The need to Stabilize Facial Landmarks
Facial landmarks are easy to use on images since the pixels are not moving, but when it comes to a video, due to continuous motion of pixels and because of translational and rotational variances, a lot of the times these landmarks are unstable. Take a look at the image below.
Few of the points are missing out the features of the face. This can create problems for features that involve estimating the size of the face, the position of the mouth etc. This instability can affect the efficiency of the model and the results.
Popular types of landmark detectors
The Dlib library is the most popular library for detecting landmarks in the face. There are two types of detectors in this library.
- 68-point landmark detectors: This pre-trained landmark detector identifies 68 points ((x,y) coordinates) in a human face. These points localize the region around the eyes, eyebrows, nose, mouth, chin and jaw.

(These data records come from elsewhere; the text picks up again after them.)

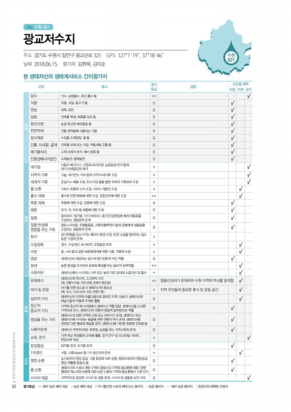 No. 수원- 수원 021 본 생태자산의 생태계서비스 간이평가지 구분 예시 평가 등급 설명 규모별 혜택 지점 지역 국가 공급 담수 식수, 농업용수, 축산 용수 등 ++ √ 식량 곡물, 과실, 물고기 등 0 √ 연료 화목, 토탄 0 √ 섬유 건축용 목재, 의류용 섬유 등 0 √ 유전자원 농업·축산업 희귀품종 등 0 √ 천연약재 전통 의약품에 사용되는 식물 0 √ 장식재료 수집용 조개껍질, 꽃 등 0 √ 진흙, 미네랄, 골재 건축용 모래 또는 자갈, 벽돌재료 진흙 등 0 √ 폐기물처리 고체 쓰레기 하치, 폐수 방류 등 0 √ 친환경에너지발전 조력발전, 풍력발전 0 √ 조절 대기질 자동차 배기가스, 산업체 대기오염, 농업발생 먼지 등의 대기 미세물질의 제거 + √ 지역적 기후 그늘, 대기온도 저하 등의 지역 미세...
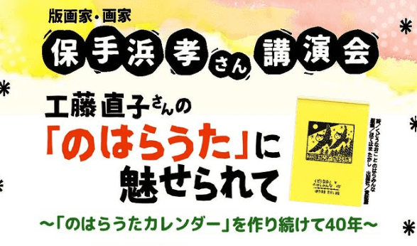 詩人・童話作家 工藤直子さんの詩集「のはらうた」を基にカレンダーの原画を作り続けている山口市在住の版画家・画家の保手浜 孝(ほてはま たかし)さんを迎えて、講演を開催します。
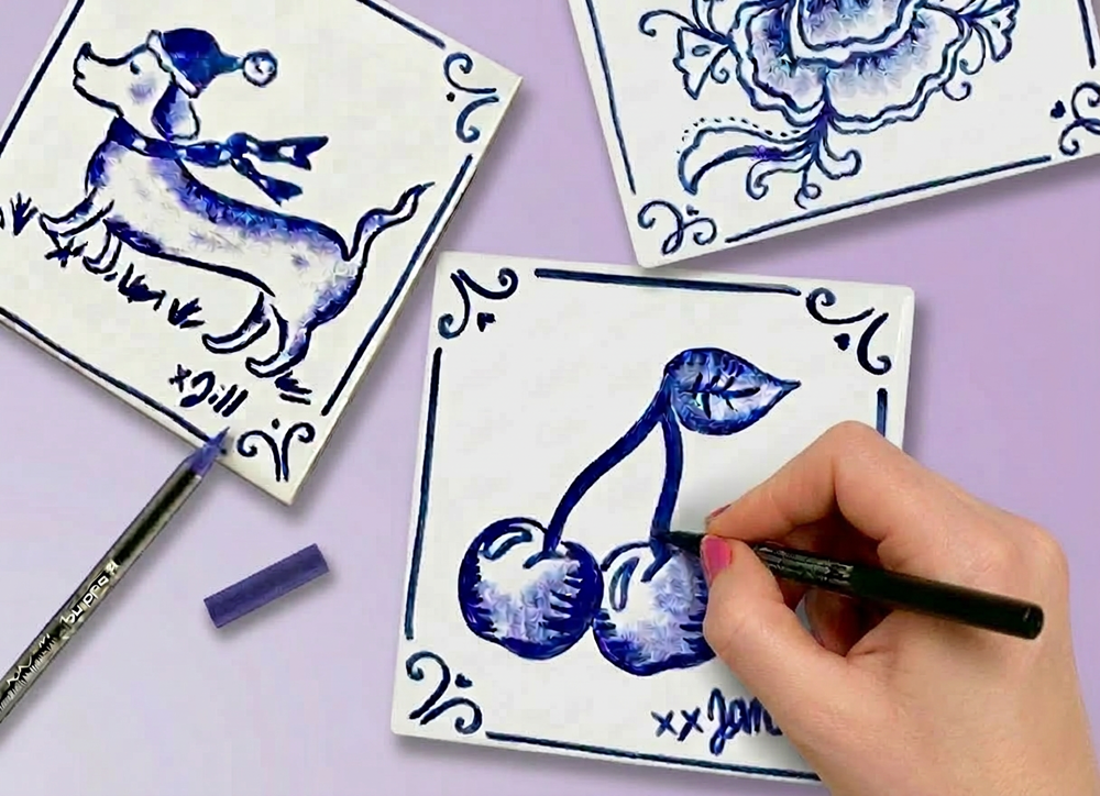 ● Je ontvangt een keramieken tegel om zelf in Delfts blauwe stijl te illustreren
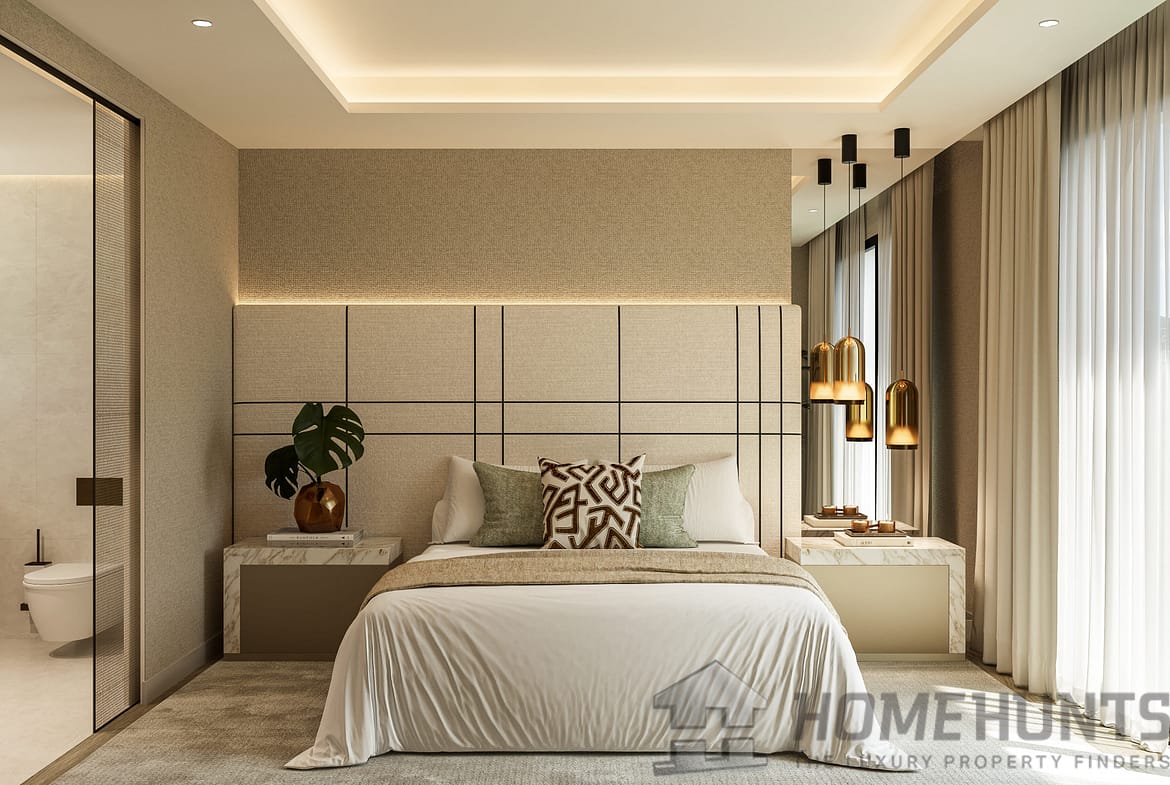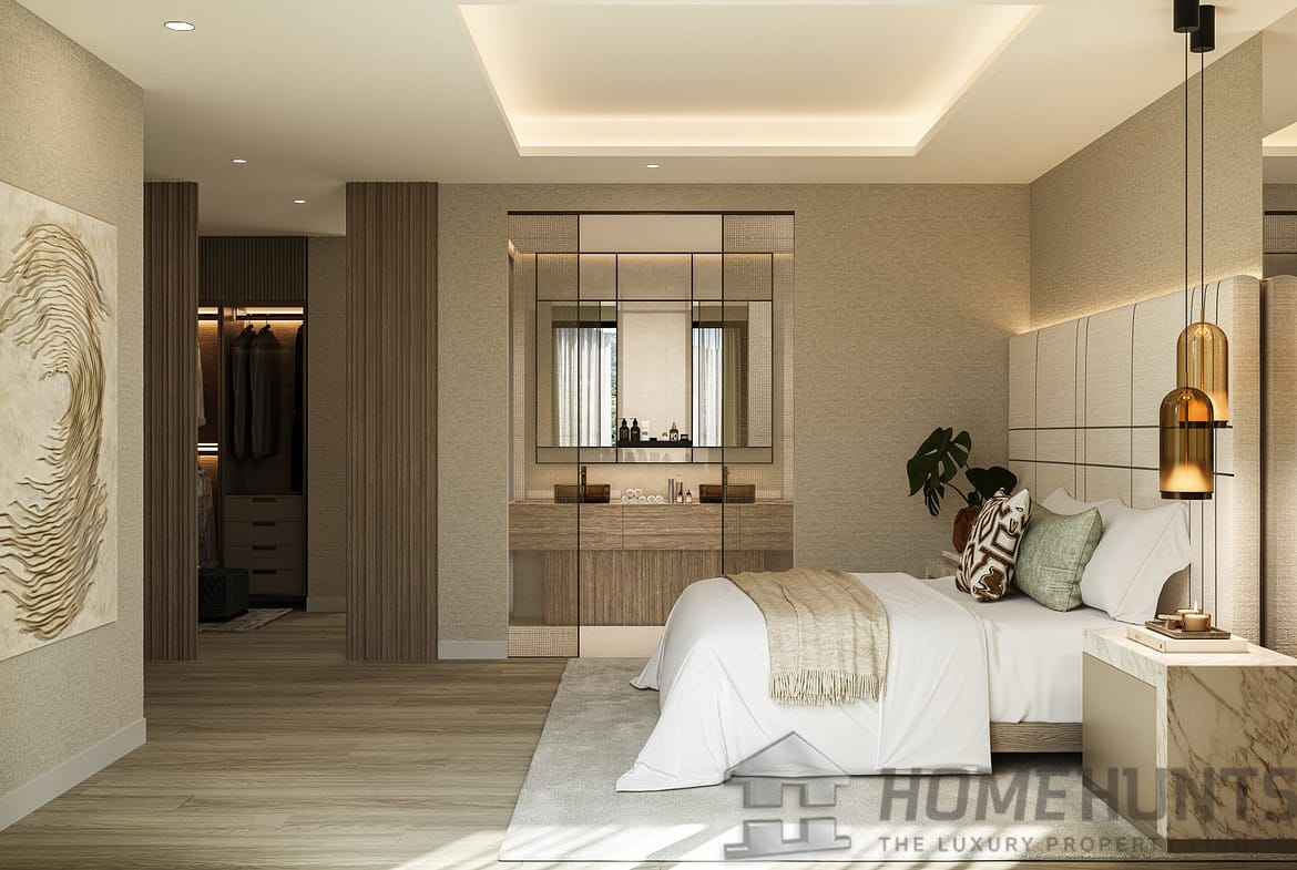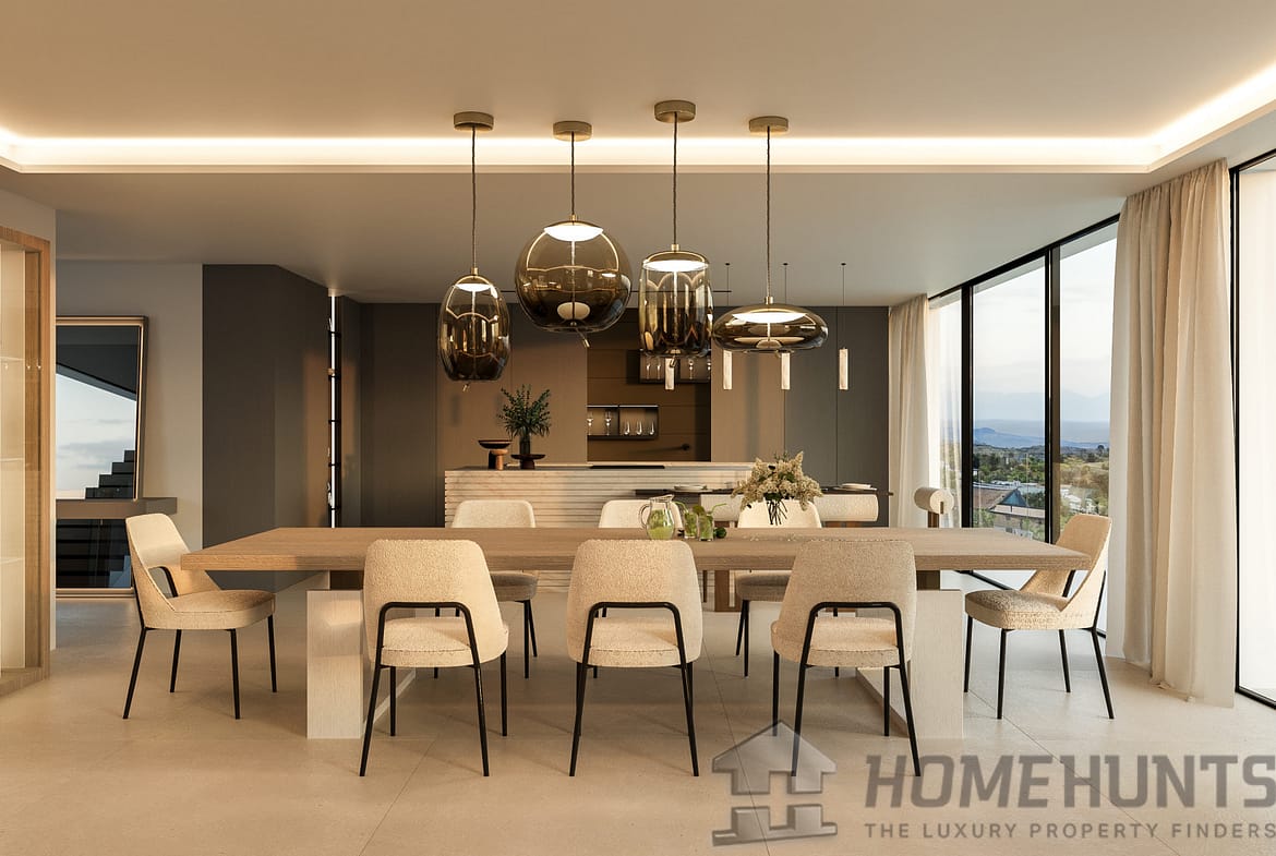 The residence boasts five spacious bedrooms, each with its own luxurious en-suite bathroom. The master suite is a sanctuary of comfort, featuring a private dressing area and panoramic views. The gourmet kitchen is fully equipped with top-of-the-line appliances, ideal for both casual meals and formal entertaining.

- 5 point landmark detector: To make things faster than the 68 point detector, dlib introduced the 5 point detector which assigns 2 points for the corners of the left eye, 2 points for the right eye and one point for the nose. This detector is most commonly used for alignment of faces.
Implementation and stabilization of 68 point landmarks for a video
Step 1: Collecting the pre-trained files.
Create a folder for your project. Create a subfolder called a model. Download the 68-points and 5-points and place them in the subfolder. Next, place this file in the root folder of your project.
Step 2: The data.
Select a short 5-10 second video for this project with good lighting. I have chosen this video. Feel free to download it from here.
Step 3: Importing the required modules
import dlib
import cv2
import numpy as np
import matplotlib.pyplot as plt
import matplotlib
import os
from google.colab import drive
drive.mount('/content/gdrive')
Copy all the downloaded files to your notebook
!cp -r '/content/gdrive/My Drive/video-stable/model' /content
!cp -r '/content/gdrive/My Drive/video-stable/videos' /content
!cp '/content/gdrive/My Drive/video-stable/faceBlendCommon.py' /content
Step 4: Convert the video into image frames and save them to a folder inside your project folder.
We will convert the entire video into individual image frames since it makes it easier to work with. Create a main folder for all the images.
def image_saver(path, filename, images):
for count in range(0, len(images)):
temp = filename + '_' + str(count) + '.png'
fn = os.path.join(path) + os.path.join(temp)
cv2.imwrite(fn, images[count])
cap=cv2.VideoCapture('/content/gdrive/MyDrive/video-stable/videos/video_data.mp4')
image_frame = []
while(cap.isOpened()):
pic, frame = cap.read()
if frame is None:
break
image_frame.append(frame)
cap.release()
plt.imshow(image_frame[0][:,:,::-1])
Now that we have the image frames, we will save all these frames in a folder.
directory = "dataset"
parent = "/content/gdrive/My Drive/video-stable/"
path = os.path.join(parent, directory)
os.mkdir(path)
os.mkdir('/content/gdrive/My Drive/video-stable/dataset/original')
image_saver('/content/gdrive/My Drive/video-stable/dataset/original/', 'frame', image_frame)
Step 5: Facial alignment
This is an important step in the process. We will use the 5 point detector for aligning the face to the frame to eliminate noise from the background and focus only on the face.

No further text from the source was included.